El último
A la escasa claridad que se filtraba por la ventana, reparé en la lámpara del techo: era de las que uno se ahorca
Un año después tuve que regresar a la misma ciudad y al mismo hotel. Me retiré pronto porque el viaje había resultado agotador y antes de rendirme al sueño permanecí en la cama bocarriba, con la habitación a oscuras, repasando mentalmente la agenda de trabajo. En esto, y a la escasa claridad que se filtraba por la ventana, reparé en la lámpara del techo: era de las que uno se ahorca. Fue caer en este pensamiento y empezar a ver el bulto de un ahorcado bamboleándose sobre mi cama. Parecía un hombre mayor, no lo distinguía bien. Oscilaba de izquierda a derecha y de derecha a izquierda como el péndulo de un reloj. Para defenderme de la sugestión, me volví sobre el costado izquierdo y cerré los ojos. Pese a ello, continuaba viendo dentro de mi cabeza al muerto.
Una hora después, cuando comprendí que no sería capaz de conciliar el sueño, llamé a recepción y pedí que me cambiaran de habitación alegando la molestia de un ruido inexistente. Me llevaron a una del tercer piso que, según me pareció recordar, era la misma que había ocupado en mi estancia anterior. Realizados los trámites, le di al mozo, por las molestias ocasionadas, una buena propina. Entonces se acercó a mí para revelarme, en tono confidencial, que en esa habitación se había suicidado un hombre el año pasado.

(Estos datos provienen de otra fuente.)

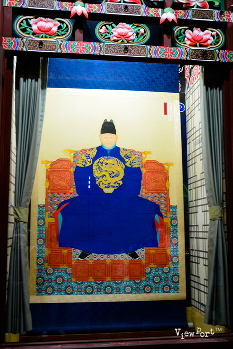 가슴과 어깨에는 황을 상징하는 다섯 발톱을 가진 용이 그려 있고, 어진은 비단의 뒷면에 색을 칠해서 색감이 앞으로 베어 나오게 하는 배채법으로 그려서 색감이 은은하고 깊은 것이 특징입니다

Me quedé atónito e inquieto, claro, por este cúmulo de coincidencias. No obstante, dispuesto como estaba a descansar, me metí de inmediato en la cama, aunque no pude evitar mirar hacia el techo, por si también de aquella lámpara colgaba un ahorcado.
Afortunadamente, no. Más tranquilo, pues, adquirí la posición fetal y cerré los ojos. Entonces, como en una revelación, supe que no había ahorcado porque el ahorcado era yo. Llevaba, en fin, un año muerto y nadie me había dicho nada. El interesado es siempre el último en enterarse de las cosas.